Около 2500 лет назад несколько харизматичных личностей выделили из нарративов, существовавших в их довольно непохожих друг на друга социальных контекстах, конкретные системы верований. Я не решаюсь использовать здесь термин «религия». Религия имеет столь особенное значение для большинства из нас, что мы склонны воспринимать другие религии только через призму собственной. Но поскольку каждая религия – это отдельная система координат, когда мы помещаем одну систему внутрь другой, мы неизбежно искажаем обе. Я предпочитаю использовать термин «система верований», пусть он и не очень конкретный.

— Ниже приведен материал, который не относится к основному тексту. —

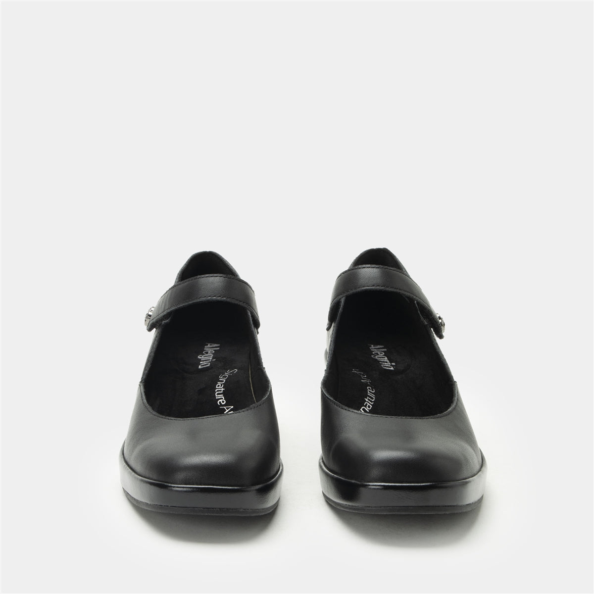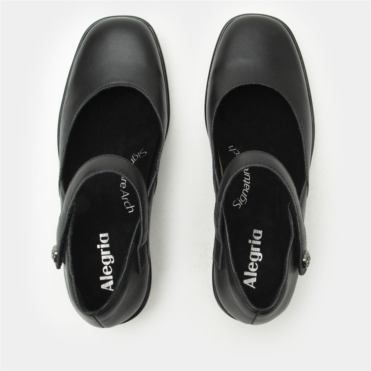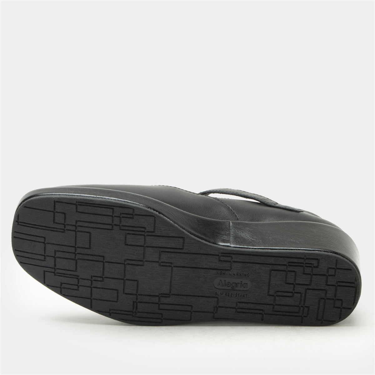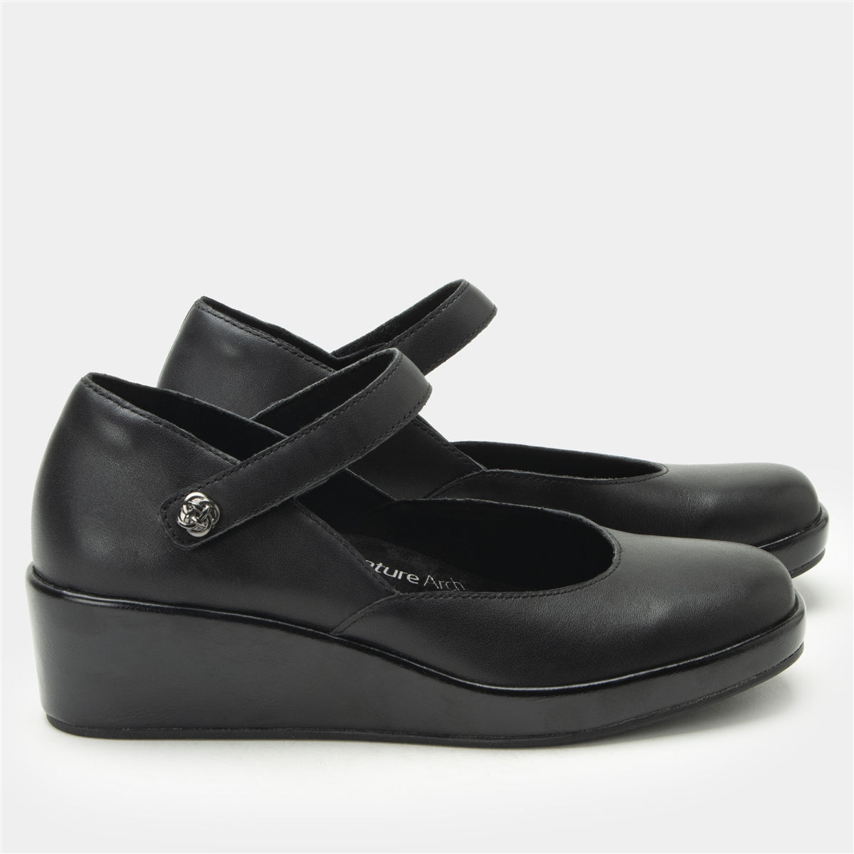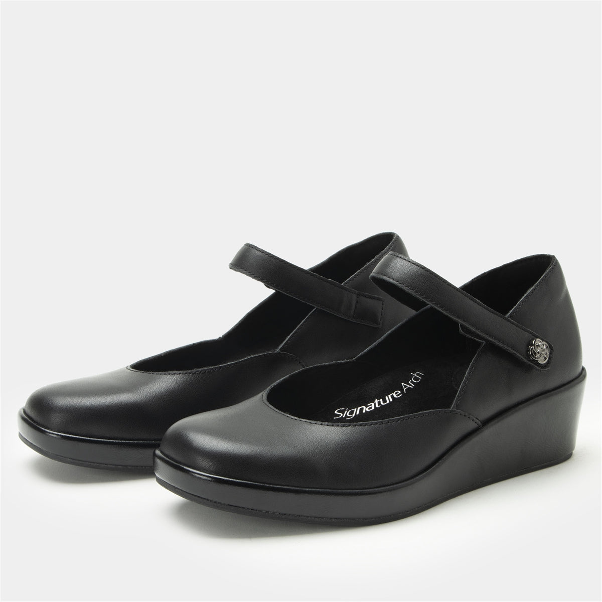 The Alegria Hayes Black brings modern elegance and unmatched comfort together in a stylish wedge design. Featuring premium leather uppers and an adjustable strap with a decorative button closure, this shoe ensures a secure and custom fit. Built on the advanced Tri-Form wedge outsole from Alegria, the Hayes delivers exceptional support, stability, and shock absorption for all-day comfort. The removable dual-density Signature Arch footbed promotes foot health, making this versatile style perfect for work or casual outings.Additional Benefits:

Вероятно, еще на заре своей истории китайцы представляли мир в виде концентрических кругов, а историю считали циклической. Сердцем мира была империя; со всех сторон ее окружали данники – покорные ей государства, искавшие у нее защиты. Дальше лежали земли варваров, а то, что располагалось за ними, не заслуживало внимания.
Империей управляла династия, которая проходила через заранее известный цикл событий. Сперва она получала мандат на правление от бесконечной, безликой, сверхъестественной силы, которую китайцы называют Тянь. Когда мандат действовал, в мире царили порядок и гармония. Но со временем из-за ошибок династия теряла его, и империя рушилась. Порядок сменялся хаосом, и так было до тех пор, пока мандат на управление «поднебесным миром» не получал кто-нибудь другой. Он основывал еще одну правящую династию, и в мире опять наступал период порядка и гармонии. Так продолжалось раз за разом.
Важно понимать, что в этой схеме «империя» не означает «наша империя» как противопоставление другим империям. Речь шла не об одной из многих, а о единой и единственной империи, метафизическом факте этого мира. Варвары всегда стремились проникнуть в империю, и иногда им удавалось продвинуться вглубь, но только потому, что империя переживала период раздробленности. Варваров китайцы никогда не считали настоящей проблемой – проблема была сугубо внутренней. Победы варваров, равно как засухи, голод, наводнения, мятежи, преступность и другие подобные трудности, всего лишь свидетельствовали о том, что правящая династия теряет свой мандат. Они были знаком того, что не все хорошо в сердце мира и что энтропия увеличивается.
Династия теряла мандат, когда не справлялась с управлением и с проведением церемоний, сохранявших гармонию в империи. В этой картине мира все материальное подчинялось основополагающему порядку, объединяющему все наблюдаемые явления. Всюду были тайные послания: в цветах, временах года, числах, днях недели, направлениях, в пище и в настроениях – все содержало смысл. Имели значение совпадения. Удача была неслучайной. Связи и послания, вплетенные в ткань материального мира, складывались в паттерны, увидеть и прочитать которые могли только знающие люди. Будешь следовать тайным знакам – будешь удачлив; пойдешь им наперекор – жди беды. Это как пересечь минное поле: если есть карта, на которой отмечены мины, – можешь пройти безопасно, но если побежишь вслепую – взлетишь на воздух.